There is a sword hanging above you held by a breaking thread and there's already a sharp needle in your arm
Your coughs taste like saline and as you brush your hair behind your ear you lose some in your fingers
And you are breaking and nothing feels right
You are asked if you have a will
You refuse to listen to these words
You don't listen to most of what's coming out of anyone's mouth because all you're hearing is how much pain you're in and how you'd rate it on a scale from 1 to 10
You are helpless in a body you thought you'd have a little more control over by age 20
And you are at a 10 and dead inside
--
Things were up and down always. But this quote stayed with me for the most part:
"Cancer may have started the fight, but I will finish it"

So yeah. Bite me, cancer! You fucking suck(ed)!...but you showed me a support system I didn't know I had and for that, I suppose I'm grateful.


Friday, February 5, 2016

R-CHOP

     Every time I stepped into Norris Comprehensive Cancer Center and Hospital  I was signing up for bad news and at least two needles shoved into my arms. One for blood draw (which I am still not used to) and the other for the IV that was put into my arm to deliver the chemotherapy. The treatment I was going to receive was called R-CHOP. You're welcome to click on the link there to see just what drugs are given within that treatment.
     Going into this you expect the worst--hair loss, nausea, weakness and all the other fun things that come with chemicals basically killing you from the inside out.
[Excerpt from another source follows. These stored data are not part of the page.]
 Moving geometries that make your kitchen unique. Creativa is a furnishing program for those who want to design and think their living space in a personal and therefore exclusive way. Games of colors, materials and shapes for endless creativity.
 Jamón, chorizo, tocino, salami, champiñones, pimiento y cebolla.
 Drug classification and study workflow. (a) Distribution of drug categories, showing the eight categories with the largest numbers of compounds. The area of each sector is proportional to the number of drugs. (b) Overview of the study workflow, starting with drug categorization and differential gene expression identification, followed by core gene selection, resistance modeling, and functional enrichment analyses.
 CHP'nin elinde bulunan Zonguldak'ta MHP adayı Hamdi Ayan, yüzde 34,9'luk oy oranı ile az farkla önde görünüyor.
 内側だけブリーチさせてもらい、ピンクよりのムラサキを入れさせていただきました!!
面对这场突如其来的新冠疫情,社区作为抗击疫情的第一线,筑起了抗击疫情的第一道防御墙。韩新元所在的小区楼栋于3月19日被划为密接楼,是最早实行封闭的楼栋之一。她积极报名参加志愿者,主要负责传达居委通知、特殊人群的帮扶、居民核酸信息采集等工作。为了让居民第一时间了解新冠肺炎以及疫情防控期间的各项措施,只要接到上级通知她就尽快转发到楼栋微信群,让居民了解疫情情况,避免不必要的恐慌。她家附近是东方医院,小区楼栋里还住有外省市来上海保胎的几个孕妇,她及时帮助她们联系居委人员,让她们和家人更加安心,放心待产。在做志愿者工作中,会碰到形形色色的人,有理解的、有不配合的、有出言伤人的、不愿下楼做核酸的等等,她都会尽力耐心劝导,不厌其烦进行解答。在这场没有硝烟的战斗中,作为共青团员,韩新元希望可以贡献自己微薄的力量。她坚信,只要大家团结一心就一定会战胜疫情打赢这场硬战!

I didn't expect to be asked if I had an advanced directive or if I wanted to make one while I was there. A fucking will? You want me to think about my death? I refused and moved on quickly trying to brush it off.
     Before I could start the treatment sessions (they lasted up to seven hours straight) I was given what felt like an extremely high dose of Benadryl through my IV as well as Claritin (an allergy medicine that helped reduce flu like symptoms (chills, etc.) that some of the chemicals induced) and Prednisone, which is a corticosteroid and quite possibly the worst tasting thing I've ever had ingest. I requested that I had an anti-nausea medication given to me as well before starting even if it didn't help as much as I wished it would. Unfortunately, the Benadryl always made me shake uncontrollably and nurses would cover me in multiple heated blankets thinking that would help. I don't think that ever made it totally better. Thankfully, by the end of my treatments I was able to request that Benadryl not be given to me.
     I can't for sure tell you just what made me sit or lie down (if I was lucky enough to get a private room with a bed as most of the chemotherapy stations were huge and uncomfortable gross blue chairs surrounded by a ton of other sick people) and do nothing for the many hours I was sitting there with an IV pumping nauseating chemicals into my arms. One of them has even been named "The Red Devil" chemotherapy drug (Adriamycin) by patients who receive it. This is because it is the cause of most of what makes chemotherapy terrible -- the nausea, the hair loss, etc. Most people would try to sleep for the entire time or watch a show on the tiny bad quality televisions that are hanging by your side. I couldn't just ignore the fact that something I had been scared of my entire life was really happening to me...and doing something as trivial as passing the time by watching a TV show seemed silly when I had my life to worry about. The nurses never seemed to understand why I was so upset but as a 20 year old just recently diagnosed I can't think of a single reason why I wouldn't be allowed to be scared. Maybe they're just so used to being surrounded by cancer and chemicals all day that it gets easier for them. For me, it never did.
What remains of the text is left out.